Work instruction => Under this line is some data; print exactly the lines from the one containing "1. Apri l'immagine" through its last line, without pictures.
· · ·
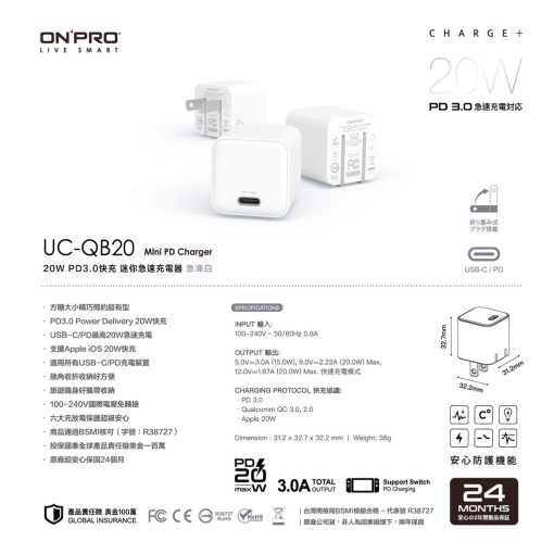 12.0V⎓1.67A (20.0W) Max. 快速充電模式
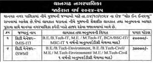 થાનગઢ નગર પાલિકામાં નીચે મુજબની જગ્યાઓ માટે તા.૦૪/૧૦/૨૦૨૪ ના રોજ “વોક ઈન ઈન્ટરવ્યુ” રાખવામાં આવેલ છે.જેમાં લાયકાત ધરાવતાં નીચે મુજબની શૈક્ષણીક લાયકાત તથા અનુભવના આધાર પુરાવા સાથે થાનગઢ નગરપાલિકા ક્ચેરી ખાતે હાજર રહેવા જણાવવામાં આવે છે.
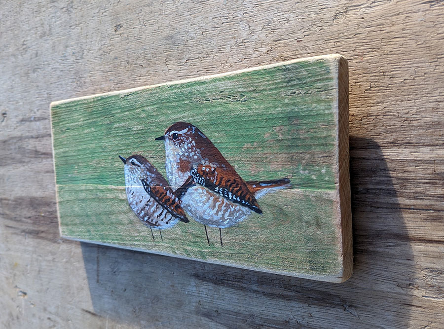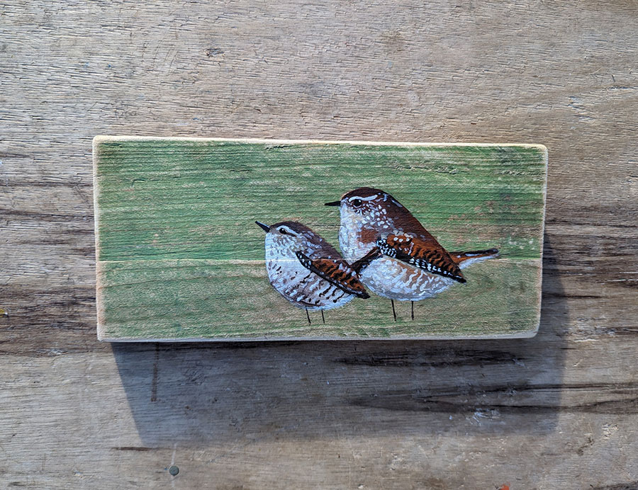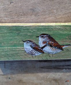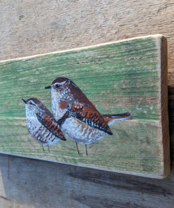 Original acrylic painting of a pair of Wren’s. Painted on a gorgeous piece of green stained reclaimed wood.
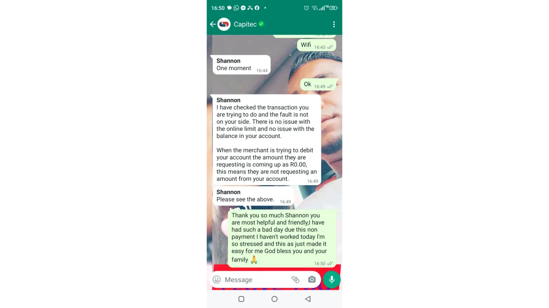 I have tried for the past 2 hours to resolve this and still have no help; I had to contact the bank and cancel my bank card because they compromised it. This is another headache i now have to deal with because they are incompetent and unwilling to admit they made a mistake. In the meantime, i have lost almost R2000. And this while I am unemployed.
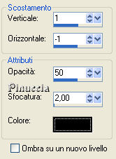 1. Apri l'immagine "logoamor" fornito con il tutorial. Effetti>Effetti 3D>Sfalsa ombra: ![]() Ripeti l'Effetto Sfalsa ombra. Selezione>Nessuna selezione. 3. Aggiungi un tube a scelta in un nuovo livello e applica lo stesso Effetto Sfalsa ombra. 4. Livelli>Unisci>Unisci visibile e salva in formato psp. Apri Animation Shop e apri il file che hai appena salvato. Mantieni il valore della velocità a 10. Modifica>Duplica e ripeti finchè non avrai ottenuto 15 fotogrammi. Clicca sul primo fotogramma per selezionarlo e vai a Modifica>Seleziona tutto. Apri l'animazione fornita con il tutorial: caja.mng: Clicca sul primo fotogramma per selezionarlo e vai a Modifica>Seleziona tutto e quindi Modifica>Copia. Torna all'immagine principale e vai a Modifica>Incolla>Incolla nel fotogramma selezionato. Posiziona l'animazione dove preferisci e quando hai trovato la posizione corretta rilascia il tasto del mouse. Salva in formato gif.
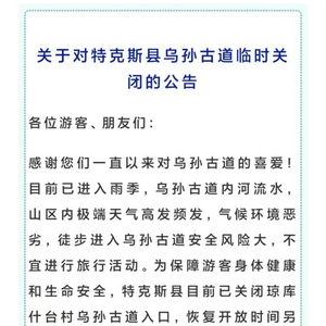 1日中午1点03分,特克斯县文旅局发布了《关于对特克斯县乌孙古道临时关闭的公告》,称“目前已进入雨季,乌孙古道内河流水,山区内极端天气高发频发,气候环境恶劣,徒步进入乌孙古道安全风险大,不宜进行旅行活动。为保障游客身体健康和生命安全,特克斯县目前已关闭琼库什台村乌孙古道入口,恢复开放时间另行通知。由此给您带来不便,敬请谅解。”
· · ·
The answer =>
 1. Apri l'immagine "logoamor" fornito con il tutorial. Effetti>Effetti 3D>Sfalsa ombra: ![]() Ripeti l'Effetto Sfalsa ombra. Selezione>Nessuna selezione. 3. Aggiungi un tube a scelta in un nuovo livello e applica lo stesso Effetto Sfalsa ombra. 4. Livelli>Unisci>Unisci visibile e salva in formato psp. Apri Animation Shop e apri il file che hai appena salvato. Mantieni il valore della velocità a 10. Modifica>Duplica e ripeti finchè non avrai ottenuto 15 fotogrammi. Clicca sul primo fotogramma per selezionarlo e vai a Modifica>Seleziona tutto. Apri l'animazione fornita con il tutorial: caja.mng: Clicca sul primo fotogramma per selezionarlo e vai a Modifica>Seleziona tutto e quindi Modifica>Copia. Torna all'immagine principale e vai a Modifica>Incolla>Incolla nel fotogramma selezionato. Posiziona l'animazione dove preferisci e quando hai trovato la posizione corretta rilascia il tasto del mouse. Salva in formato gif.
 1日中午1点03分,特克斯县文旅局发布了《关于对特克斯县乌孙古道临时关闭的公告》,称“目前已进入雨季,乌孙古道内河流水,山区内极端天气高发频发,气候环境恶劣,徒步进入乌孙古道安全风险大,不宜进行旅行活动。为保障游客身体健康和生命安全,特克斯县目前已关闭琼库什台村乌孙古道入口,恢复开放时间另行通知。由此给您带来不便,敬请谅解。”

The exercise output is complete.